A similar setup was used for the large deformation spherical indentation test except that a 2.54 cm diameter spherical indentor mounted on a 1.9 cm diameter by 4.5 cm long cylinder was added to the compression plate. The first scan was also performed with the cube in an unloaded state for reference locations of the internal spheres. The compression plate with the indentor was then lowered in a manner similar to that of the uniaxial test. Two loading conditions were scanned: 18 mm and 24 mm displacements producing 22% and 30% local nominal strain.

In order to make sure that we track the right positions, we add 343 nodes to each reference mesh. The positions of these additional mesh nodes were initialized based on the position of measured Truth Cube data with zero displacement. In the Truth Cube experiments the cube is in equilibrium state with the presence of gravity force. In other words the stress and strain is not equal to zero from the beginning. For our simulation, we assume that gravity is zero, since if we do not neglect the gravity, our model will deform as soon as the simulation starts, while in the Truth Cube experiment there is no deformation if there is no contact. For the used silicon rubber the Young’s modulus is equal to 15 kPa and a Poisson’s ratio is close to 0.5. In our simulation we have assumed that Poisson’s ratio is equal to 0.499. MSM and LSHM are not based on continuum elasticity, therefore they cannot be expressed by Young’s modulus of elasticity. For these methods the spring coefficient is manually adjusted to achieve reasonable results for those comparisons.

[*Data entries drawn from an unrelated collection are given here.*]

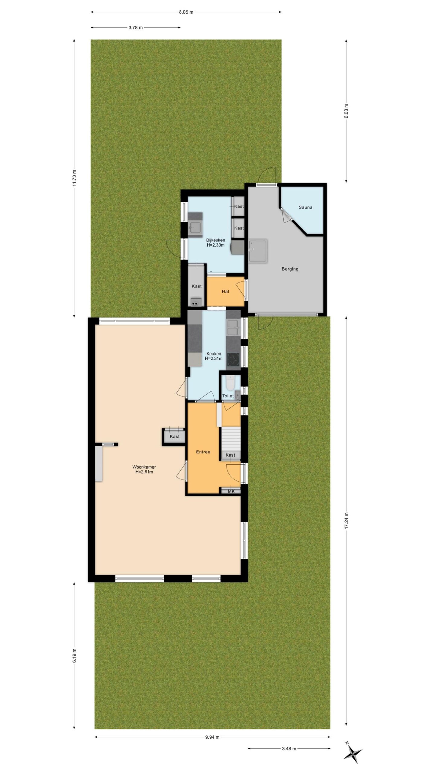 De inpandige garage van ca. 17 m² heeft genoeg bergruimte en is voorzien van een infrarood sauna.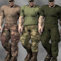 Choose your patterns amongst 11 high resolution texture families, and fine tune your outfit shape and style with the many additional morphs included. The T-Shirt can go inside or outside the trousers, and have more folds on the front, back, side and hips. The trousers can go inside and outside the boots, pockets can be full or flat, and the crotch bulge can be shaped. The boots can look new or old, the cap can be morphed on the peak and global shape levels separately. All of this with different style options.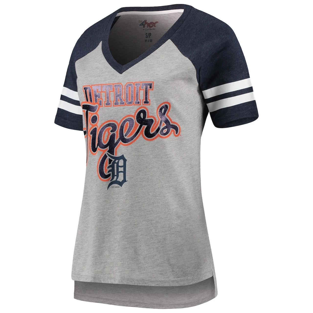 Women’s Detroit Tigers G-III 4Her By Carl Banks Gray/Navy Goal Line Raglan V-Neck T-Shirt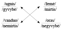 5 Priminsime, kad figūratyvūs universumai būna individualių verčių, t. y. paremti /gyvybės/–/mirties/ priešprieša, ar kolektyviniai (/gamtos/–/kultūros/ priešprieša). Šiame tyrime mus domins individualių verčių universumai.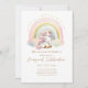Magie Invitation à votre fête avec Cute Pink Unicorn avec Rainbow Birthday Invitation! Ce design féminin est parfait pour un anniversaire fantasque, avec une licorne romantique adorable et un arc-en-ciel vibrant. Personnalisez-le avec vos détails pour une touche unique. Faites de votre fête un moment inoubliable avec cette invitation charmante et enchanteresse !
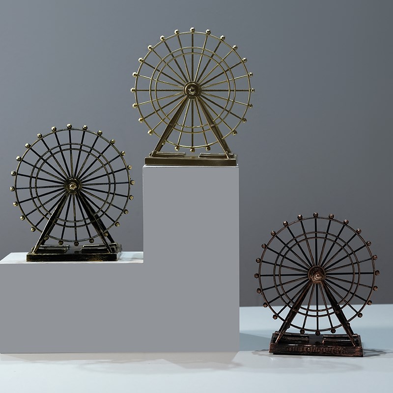 欧式复古铁艺做旧工艺摩天轮模型创意家居客厅酒柜装饰Z品摆件摆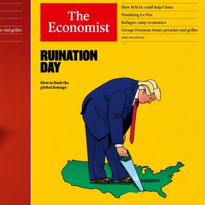 一版封面上,呈现的是特朗普手持手锯,正将美国版图生生切开的卡通画面,暗示其关税政策对美国乃至世界经济贸易的损害;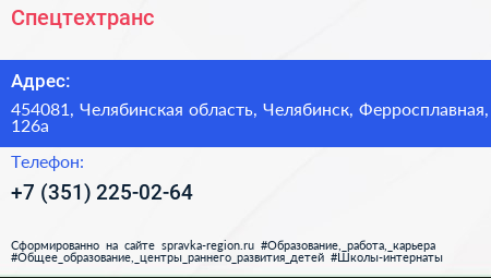 Спецтехтранс по адресу 454081, Челябинская область, Челябинск, Ферросплавная, 126а в дальнейшем Организация, размещена в следующих категориях: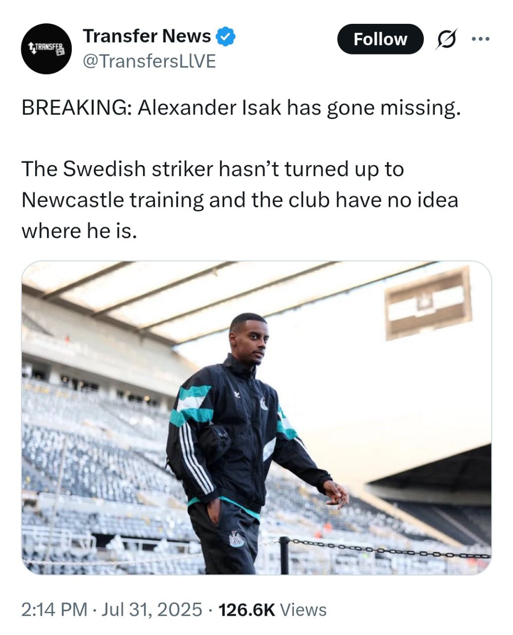 مهاجم سوئدی در تمرینات نیوکاسل حاضر نشده و باشگاه اصلا نمیداند او کجاست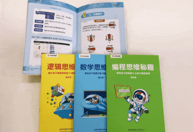 4本学生配套书,分别从逻辑思维、数学思维、编程思维、scratch启蒙4个方面锻炼孩子的底层思维力。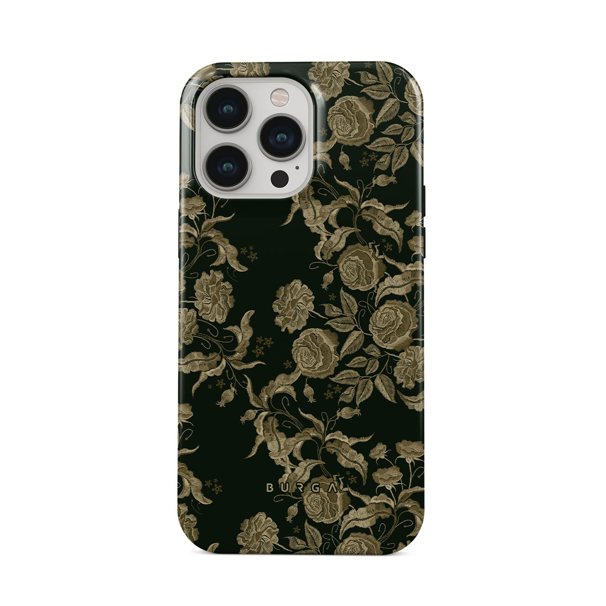 Den här designen har: vintage rosor, gyllene bladverk, djupa gröna toner.
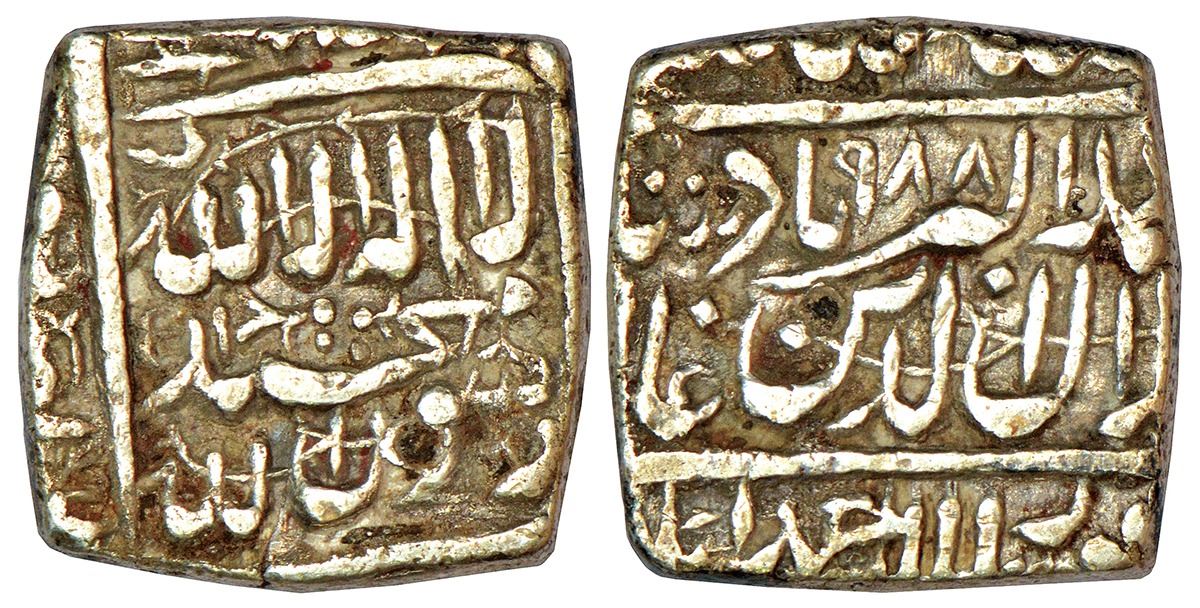 Akbar (1556-1605 AD), silver square rupee, Dar us-Sultanat Ahmadabad mint, AH 988, KM 82.1, 11.21g.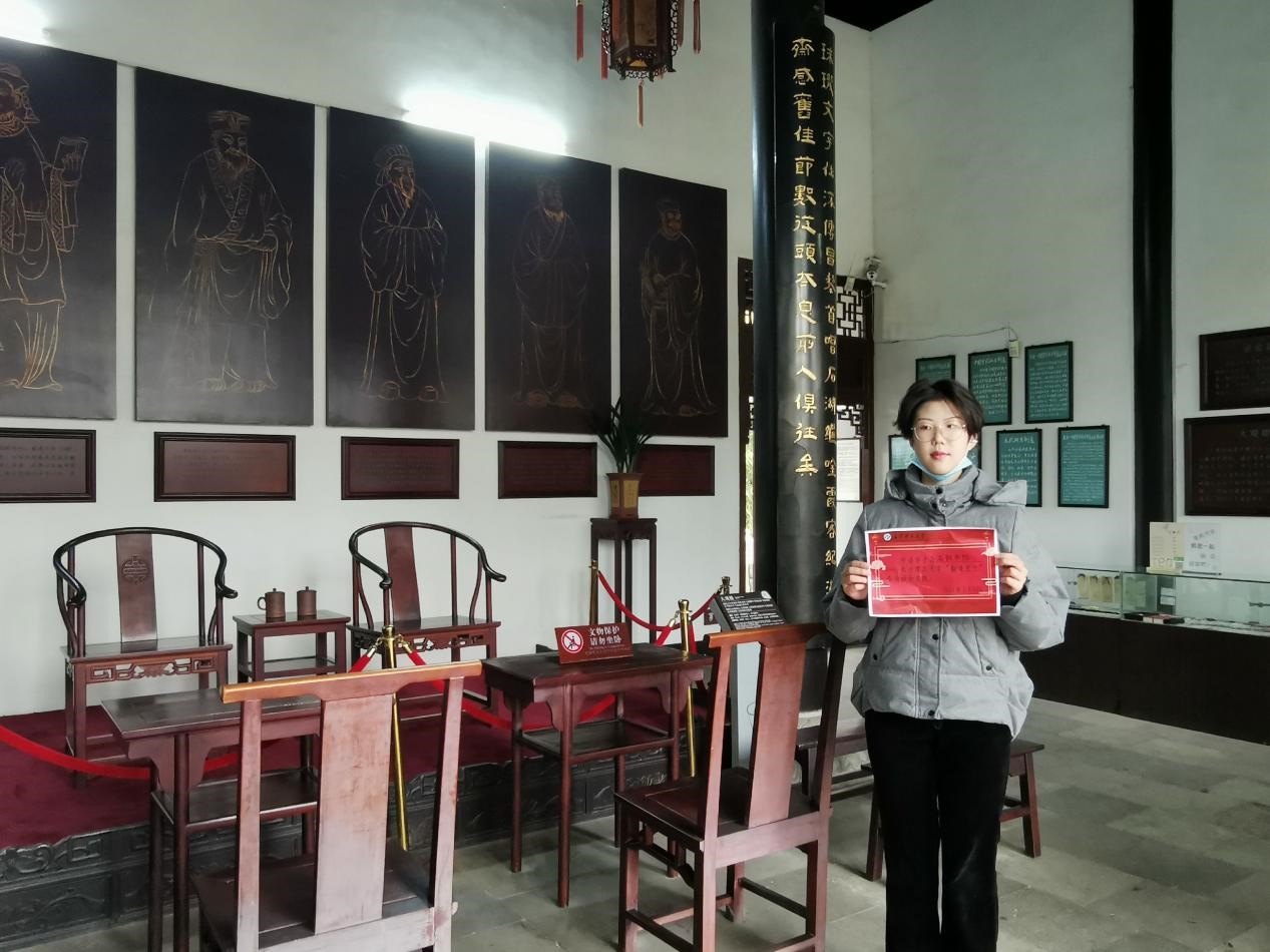 2020年1月21日,为响应学院号召,提高社会实践能力,加强对家乡特色建筑的了解与宣传,外国语学院英语1802班匡若雁来到衡阳市石鼓书院,开展“翻译医生”活动。此次活动,她参观书院、拍照搜集资料并上网搜查书院资料,完成翻译工作。
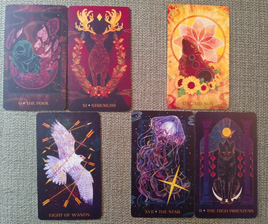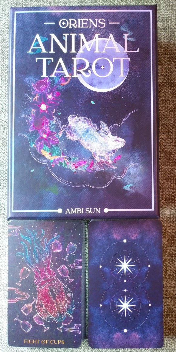 Rachelcat Posted September 25, 2022 Posted September 25, 2022 This week another animal tarot, Oriens Animal Tarot, published by Rockpool. As you see, the backgrounds of the cards is black. It’s edged in silver and the box has silver spots, but the cards don’t have gilding on the faces or backs. Oriens is Latin for east, and the artist-author relates it closely to the rising sun. The backs are a pair of compass roses. A quirk of the book is that the sections of info about the species are separate from the card interp section. Justice is VIII, Strength is XI. It interesting that the animal attributions aren’t closely tied to the elements of the suits, that is, not all swords are birds, and not all of the cups are animals that live in water, etc. I guess they have a stronger relationship to the meanings than the elements? We’ll see about that. I’ve attached a list the attributions. Wash and shuffle and interview! All but one is a major! I swear I shuffled! Most important characteristic: Eight of Wands, peregrine falcon The deck connects quickly, and is helpful with planning (8=mercury + wands=action). A falcon can quickly avoid arrows aimed at it, but this is a lot of arrows! Strength: Strength, reindeer Ok, strength is strength! The deck has its own power and isn’t afraid to be different. A reindeer is pretty strong to pull a sleigh. Weakness: Fool, baby sea turtle The baby turtle is just starting his life, coming out of his egg. This isn’t a deck for beginners? Or maybe it goes its own way a bit too much for easy understanding. What I can learn from deck: High Priestess, Wolf Love her pomegranates! I can learn quiet inner wisdom, rather than rote tarot knowledge. How I can learn it: Star, jellyfish By letting it be a blessing to me. Just be open to the good. So this is a bioluminescent critter? I never thought of a jellyfish as beautiful (more weird), but this one definitely is, appropriate for the star. And the compass rose/star makes another appearance here. Outcome of our work together: Sun, capybara The rodent of unusual size! It really does look like it’s soaking up the sun and enjoying life! The deck and I will get along and have fun and read about the good things in life! Well, that was fun! I’ll be back with my new moon reading this afternoon. Oriens Animal Tarot.pdf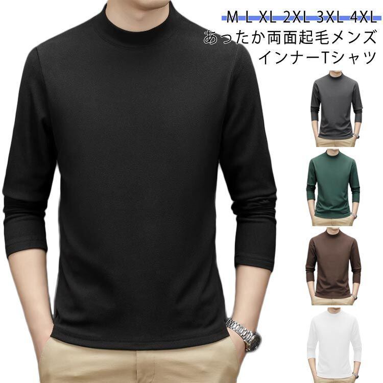 【送料無料】 両面 起毛 インナー あったかい あったかインナー ヒート インナー ヒートテック 冬 ストレッチ メンズ Tシャツ 保温 保湿 温感 ハイネック 長袖 無地 黒 安い 肌着 クルーネッ#goudoudou4075 | オキナ商店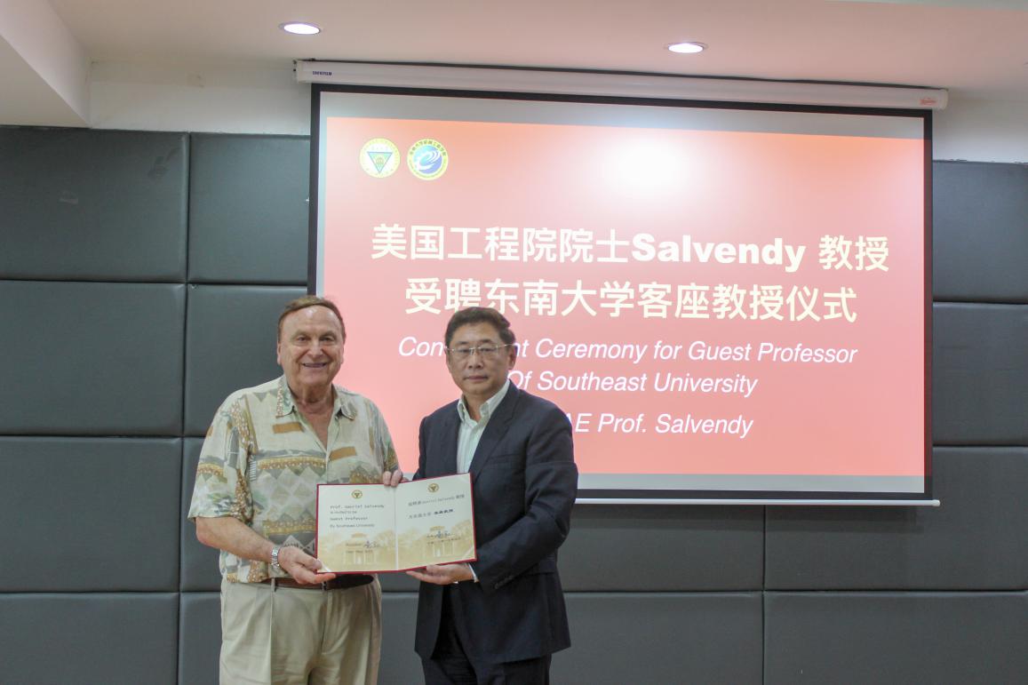 仪式由73882必赢欢迎光临网址工业设计系主任薛澄岐教授主持。黄大卫副校长代表学校对于Salvendy教授的来访表示热烈欢迎,介绍了Salvendy教授的学术成就,诚挚希望Salvendy教授受聘我校客座教授,能够促进我校工业设计和工业工程学科不断进步发展,在上述领域高端人才引进和科学研究等方面给予指导和支持。随后,黄大卫副校长为Salvendy颁发客座教授聘书并佩戴校徽。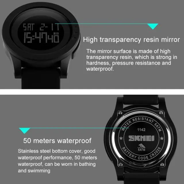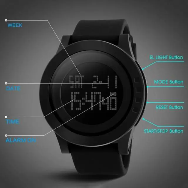 5. Function: stopwatch timing, luminous, display date, timed alarm, display week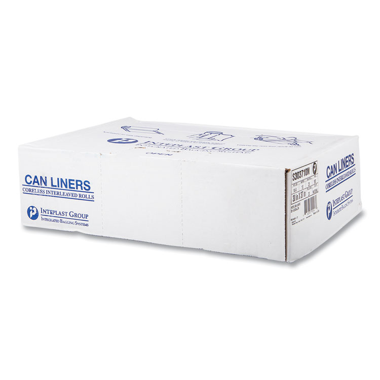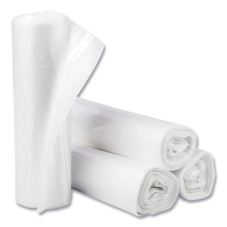 High-Density Commercial Can Liners, 30 gal, 10 mic, 30" x 37", Clear, 25 Bags/Roll, 20 Interleaved Rolls/Carton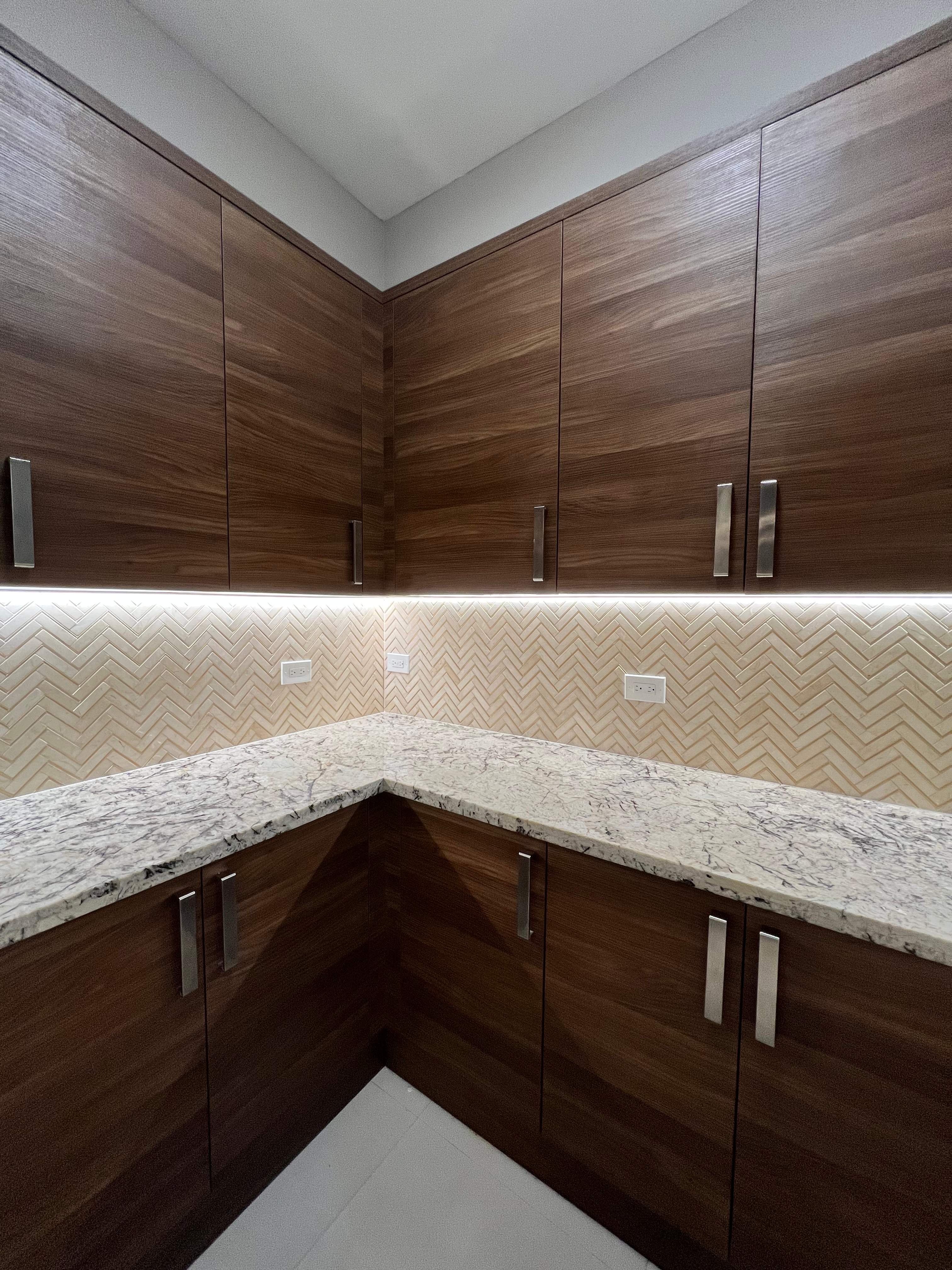 Butler's pantry backsplash with porcelain and metal mosaic tile.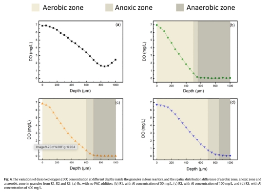 通過DO梯度曲線(圖4)直接量化顆粒內部氧擴散深度(如R1:600μm),明確低劑量PAC(50 mg/L)形成最大厭氧區(DO<0.2 mg/L區域占比最高),為高反硝化速率(20.55 mgN/g-MLSS·h)提供空間證據。

We then simulated the truth cube experiment by lowering a plate to simulate the uniaxial compression test and a sphere to simulate the spherical indentation test. The plate/sphere was moved manually and the position of nodes corresponding to the Truth Cube experiment were saved in a file to be processed later. By comparing the result of our simulation with the Truth Cube we can have a performance measure for linear elastic state. We define a relative error measure for each point as follows:

e_{i} = 100 \frac{∥ x_{i}^{s} - x_{i}^{t c} ∥}{80},

where

x_{i}^{s}

is the simulation result for node

i

and

x_{i}^{t c}

is the position of corresponding node in truth cube experiment. We have divided the error by 80 mm to normalize the error with respect to the dimension of the cube. The average is then defined as follows:

E = \frac{1}{343} \sum_{i = 1}^{343} e_{i} .

Uniaxial compression

Figure 3 shows the result of simulation of the first Truth Cube experiment on a cube with 2207 nodes with 16 neighbors for each method. The figure shows the results for four strain stages using four different methods. In Figure 5 the error for different combinations of the mesh sizes and number of neighbors are compared together for the uniaxial compression test. The PBA was unstable for the Poisson ratio of 0.49; we were forced to use a Poisson ratio at times as low as 0.40, which causes concern for the applicability of such methods in general. We are pursuing this general modeling issue in our current research.

Figure 3.

Simulation of uniaxial compression of a cube with four methods in our framework. Number of nodes: 2207; number of neighbors: 16.

Figure 4.

Simulation of the Truth Cube spherical indentation with four methods in our framework. Number of nodes: 2207; number of neighbors: 16.

Figure 5.

Accuracy of the simulation in the uniaxial compression experiment.

Spherical indentation

The second experiment has a higher importance for us since it better resembles the interactions in surgical simulation. Figure 4 shows the result of simulation of the second Truth Cube experiment on a cube with 2207 nodes with 16 neighbors for each method. The figure shows the results for three strain stages using four different methods. In Figure 6 the error for different combinations of the mesh sizes and number of neighbors are compared together for the spherical indentation test. Similar to the previous simulation the Poisson ratio of 0.40 was used instead of 0.49 for the PBA.

Figure 6.

Accuracy of the simulation in the spherical indentation experiment.

Discussion

As we expect the error is higher where there is greater deformation (strain). By manually adjusting the stiffness with trial and error we were able to achieve good results most of the time for MSM, however we had to use different values for different meshes. For example, in the first experiment (Figure 5) for the mesh with 3232 nodes and 32 neighbors although the selected stiffness coefficient has resulted in low error for 5% and 12.5% strain it has resulted in a total collapse in the cube for 18.25% strain. The LSHM method has resulted in lower accuracy compared with MSM since it does not conserve the volume. The error for LSHM is in the same range for all different mesh sizes. This is a desirable feature since it ensures we get the same behavior when the resolution is increased or decreased. The Debunne method has attained lower errors in general; however, it shows sensitivity to the mesh size. Although PBA is the most sophisticated method in our framework it has not acheived the lowest error. This method is suitable for materials with chosen physical properties. As mentioned by Gerszewski et al. (2009) PBA is not appropriate for large elastic deformations. When there is large elastic deformations, using moving least squares for approximation results in ill-conditioned deformation gradient and instability of the simulation. Another reason for instability of this method could be singularity or near-singularity condition in matrix $M = (\sum_{j} x_{i j} x_{i j}^{T} w_{i j})$ .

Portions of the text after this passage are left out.